Hi Tim, it's been a while (I still need to call John George....). You and I have discussed this on occasion. I know you really have a great time at the Fray and I have had a lot of informative calls with you in the past on the latest speed tips and techniques which was appreciated. I think the bottom line is many people are in the hobby for many reasons, no matter how great any event might be it is not everyone's cup fo tea. Some collect only or are modelers and would not ever care to attend a major race. Others are hard core competitve racers, then there all all kinds in between. One of the in between guys was Earl Harris who used to buld fray chassis years ago and then disappeared. He was an in between point, he posted at one time and said Fray t-jet racing had evolved to a point that it was basically no longer of interest to him. Once upon a time I was reasonably competive and had a great time, things evolved to a point where for me, it was no longer fun. I think there are many out there like that, on some point of the spectrum where maybe they were never at a point where fray racing was fun, or like me at one time it was but it evolved to the point it was no longer fun for them.
I still dabble with slots a little on my own because as you know, I love cars. My driving used to be OK and maybe still might be if I had continued to race competetively, I know a lot of speed secrets and could contact many (yourself included) if I wanted to build competitive cars once again. The truth is, I have no desire and I suspect there are many others like that, I could afford all the parts needed in a current fray car and if I rally wanted to, I could make the time to build, tweak and tune, the bottom line is I don't want to, no desire. I like competition but this to me is a fun hobby, I and proabably many others don't enjoy it when we have to dedicate the time, money effort etc, it becomes unfun for many of us.

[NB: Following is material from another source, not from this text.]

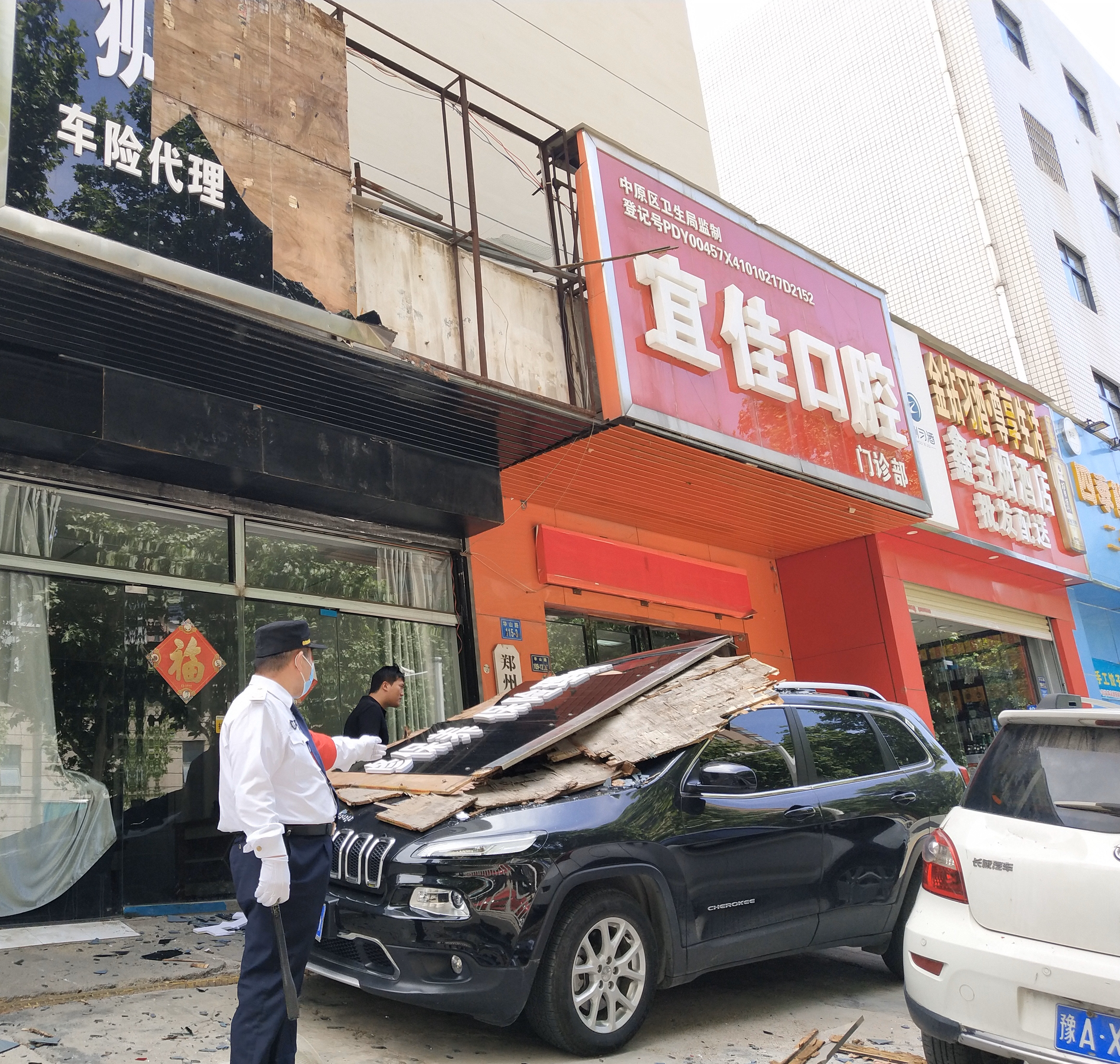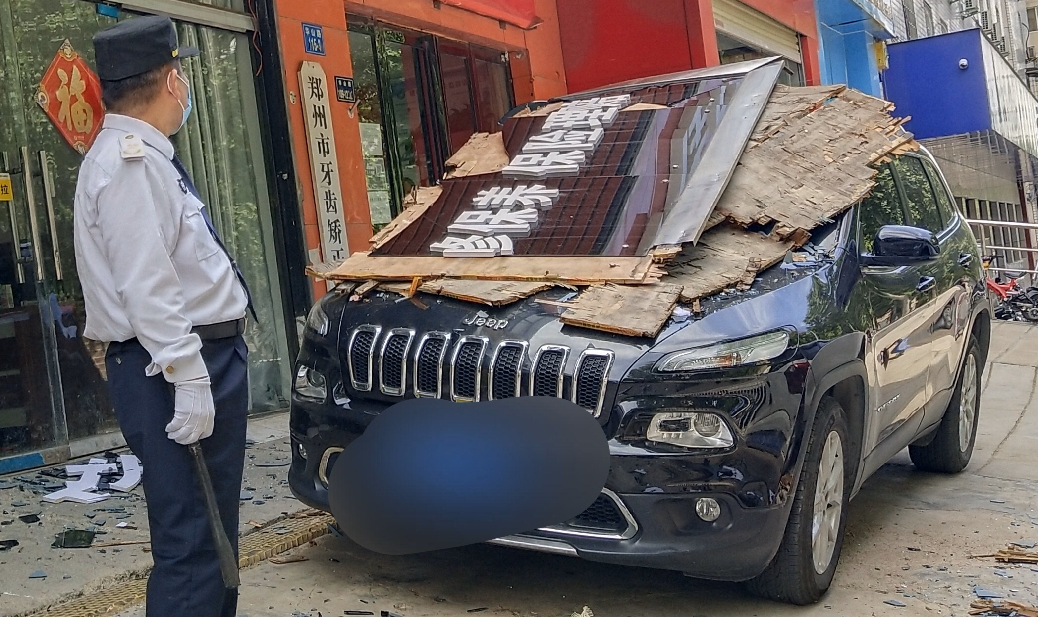 今天上午10时许,郑州市中原区绿东村办事处巡防队员陈和中、冉国岭,巡逻到汝河路与华山路交叉口北约100米处,发现路东一家汽车美容店的门头,被大风吹落了一半,正砸在下面停放的两辆私家车上,其中一辆黑色私家轿车前挡风玻璃和车顶窗玻璃碎裂,另一辆停在门前的白色轿车后备箱盖被击穿多个洞孔。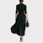 Elegant Pleated Lapel Waisted Long-sleeved Maxi Dress

Fun was when we cobbled cars together from parts and you felt great when you put a great car together, I remeber running close with Don Bourne at teh old Heartland Raceway years agowith a red lola with an 18 ohm arm and Howard Kilgore cobbled together front end and slip on rear silicones, teh car ran smooth as silk and I had fun.....many memories like that one. When it got to the point of specail tools, jig boiling chassis, exotic pickup shoe setusp, custom rear tires, CNC gear sets etc it was not of any interest any longer.

I'm not slamming the Fray or any race, it's just to answer your topic, I think there are many that would come to the fray at all, it isn't where their interests in the hobby align. I went back in 2002 (We were on the same team I think) and it was frustrating, not that much fun, but I could see then thatthe days of the come for fun teams was about over. Many of the fun run teams disolved or quit going to the Fray after that.. I know there are successful teams who plan for this all year long, no slam to them, that's what they are into, many of us are not though. I realized in 2002 I could increase my time in driving better, increase my time in building and tweaking and come back in 03 and beyond to try and do better, but I aksed myself why ? I had no interest or drive to do so.

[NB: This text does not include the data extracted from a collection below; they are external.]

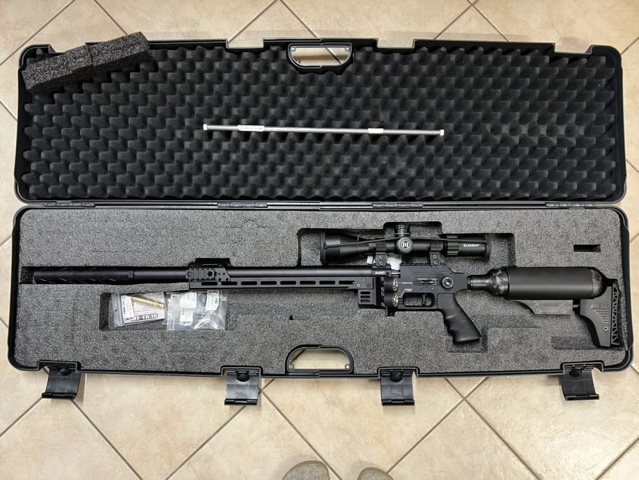 Prodam PC zračno puško FX dynamic .25 cal. Prodam kot novo puško katera je bila samo preizkušena cca 20-30 strelov. Prodam zaradi tega ker je ne bom uporabljal. Puška je v trgovini prirejena za streljanje slugov. Torej za močnejše projektile. (cca 90J). Zraven je še radar za merjenje hitrosti projektilov z piccatiny šino in po možnosti daljnogled. Z daljnogledom je cena 2700 evrov. Daljnogled je nov Element Optics Helix HDLR 2-16×50 APR-1C (SFP)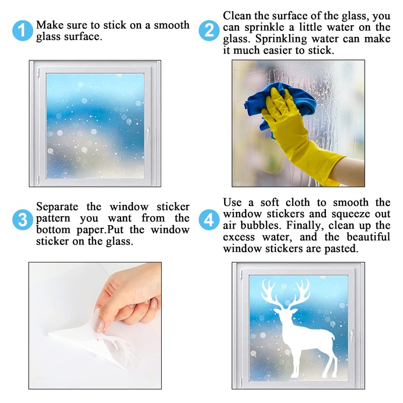 - HOW TO USE: Made from durable and premium material. Before use, you can spray some water on the window, so that the window clings can be more firmly attached to the window, easy to peel, leaving no traces when it is torn off, and the window clings can be reused.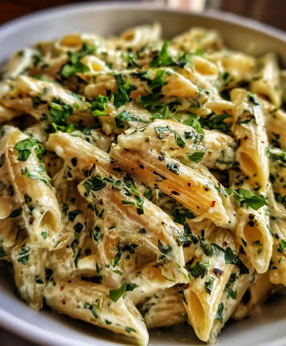 - Combine & Finish: Toss pasta with sauce, then fold in basil and parsley.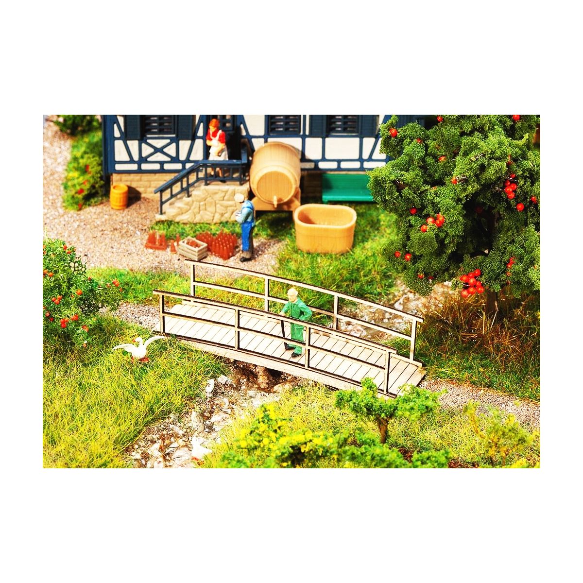 Lasercut-Modell einer gebogenen Teich- und Gartenbrücke aus Holz..
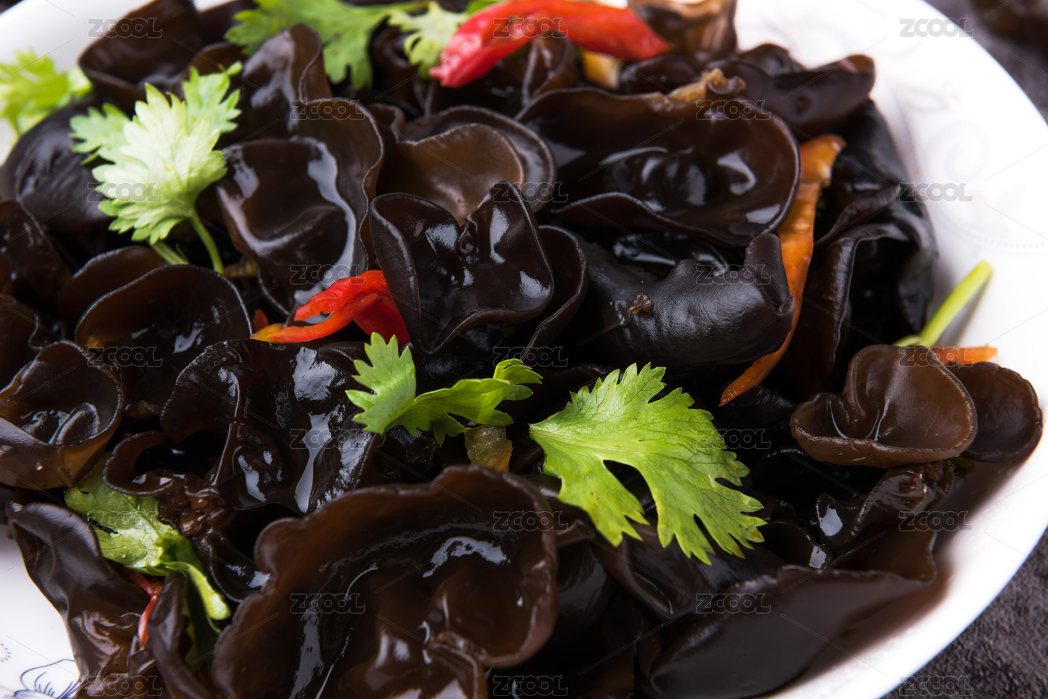 凉拌木耳,中国美食,黑木耳和红辣椒,香菜

I truely am not out to demaen you or anyone who races fray or anything competitve it's jsut a reply that I think many in the hobby don't get enjoyment building or racing to that level, just like there are many who like to make customs but wouldn't enter a concours contest agaisnt skilled and expereicned modelers. Bottom line everyone enjoys leasure time in their own way.

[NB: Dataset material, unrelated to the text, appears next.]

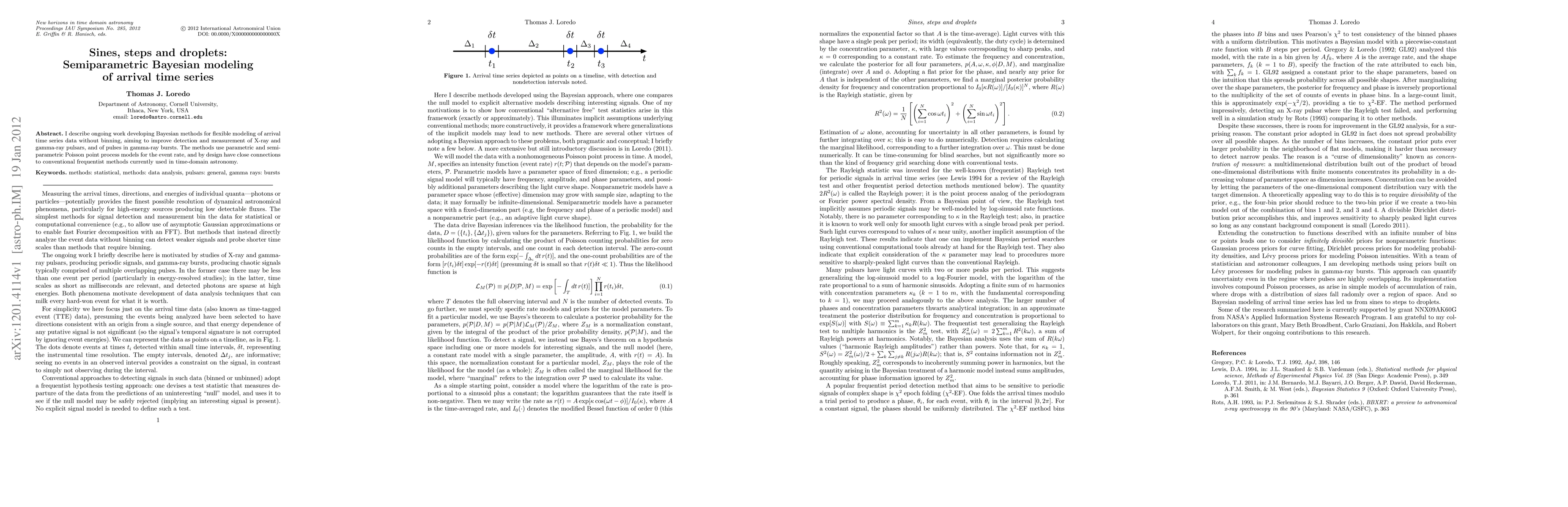 I describe ongoing work developing Bayesian methods for flexible modeling of arrival time series data without binning, aiming to improve detection and measurement of X-ray and gamma-ray pulsars, and of pulses in gamma-ray bursts. The methods use parametric and semiparametric Poisson point process models for the event rate, and by design have close connections to conventional frequentist methods currently used in time-domain astronomy.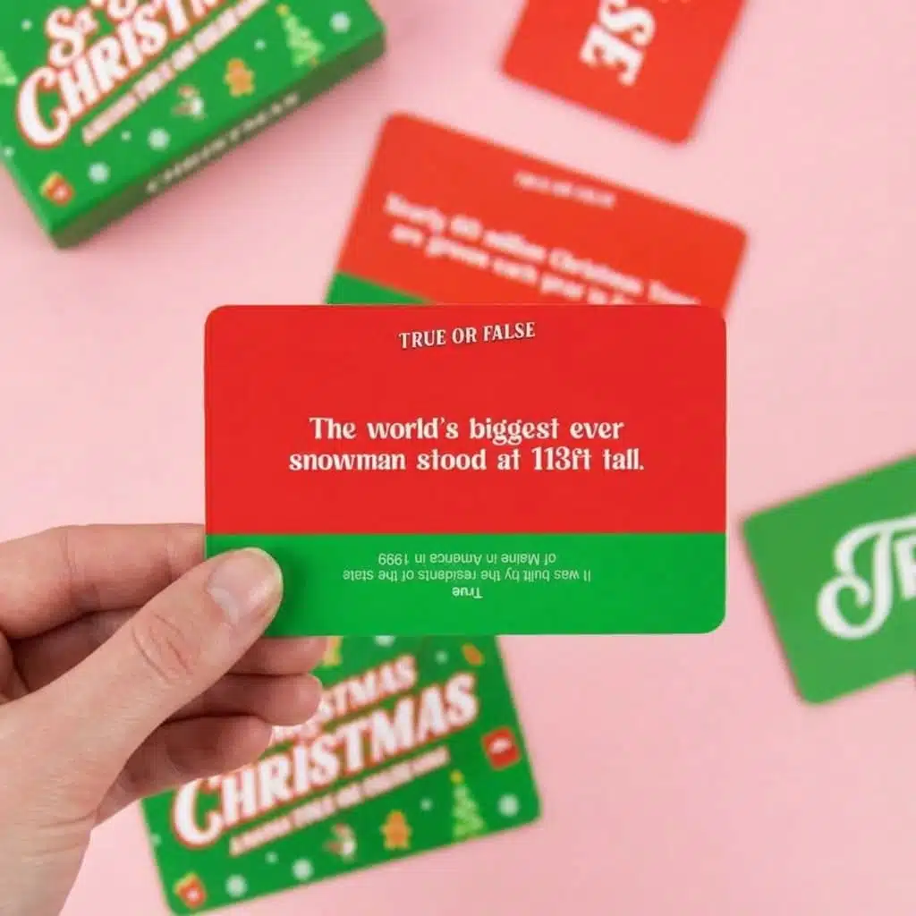 Denk je een kerstexpert te zijn? Dan is dit So This is Christmas kaartspel van Gift Republic jouw uitdaging. Met 100 waar-of-niet-waar kerstfeiten ontdek je de gekste kerstverhalen. Van rare tradities tot bizarre mythes, bereid je voor op verrassing en vermaak. Inclusief 6 antwoordpaddles, dus iedereen kan meespelen. Perfect voor kerstdiners, spelletjesavonden of gewoon om je familie te verslaan.

I'm sure I'll get some flames regarding that I give up too easy or am not competitve enough, to bad, it is just a hobby, I and everyone else chooses to be in it or not in it and enjoys it in their own way. Again Tim Don't take this offensively, I have nothing in for anyone I just spend my time focusing on things another way.


----------



## bearsox (Apr 22, 2006)

*What would it take to get you to "the Fray "*

*I to have barely any interest in racing the current version of what the Fray car has morphed into. So a way back machine would get Me there LOL ! Again it's nothing personal and i think it's just a matter of preference. While i was cool with the very early hard bodied GT40 , LOLA GT years etc that is long long gone. Ya i run some wide stuff and enjoy putzing with it to a degree it just don't stir me enough to want to pack for heading west. My favorite racing tjet wise is still a skinny slip on tire , hard bodied , zero aftermarket geared class. So with that in mind i suspect i would likely not become an active participant soon. 

Bear :wave: *


----------



## crosley (Aug 20, 2010)

*History*

I am a traditionalist. Hot rodding,being a mechanic,even the house hold decore is what they now call "retro",heck my mom inlaw and moms stuff from the 50s and 60s decorate the house.I just punch the clock and pay the bills.The new style "fray style" does not interest me,its cool dont get me wrong and I get the "is that an original body" all the time,but I like racing the the way it used to be all squirrelly all over the track and just having fun getting those old tjets around the track.I take pride in my christmas tree arms weak ass magnets and original equipment stuff.No balancing no BS just put it on the track and run what you brung.I am rambling sorry
Bart(crosley)
PS any info on how all this tjet racing started would be greatly appreciated.


----------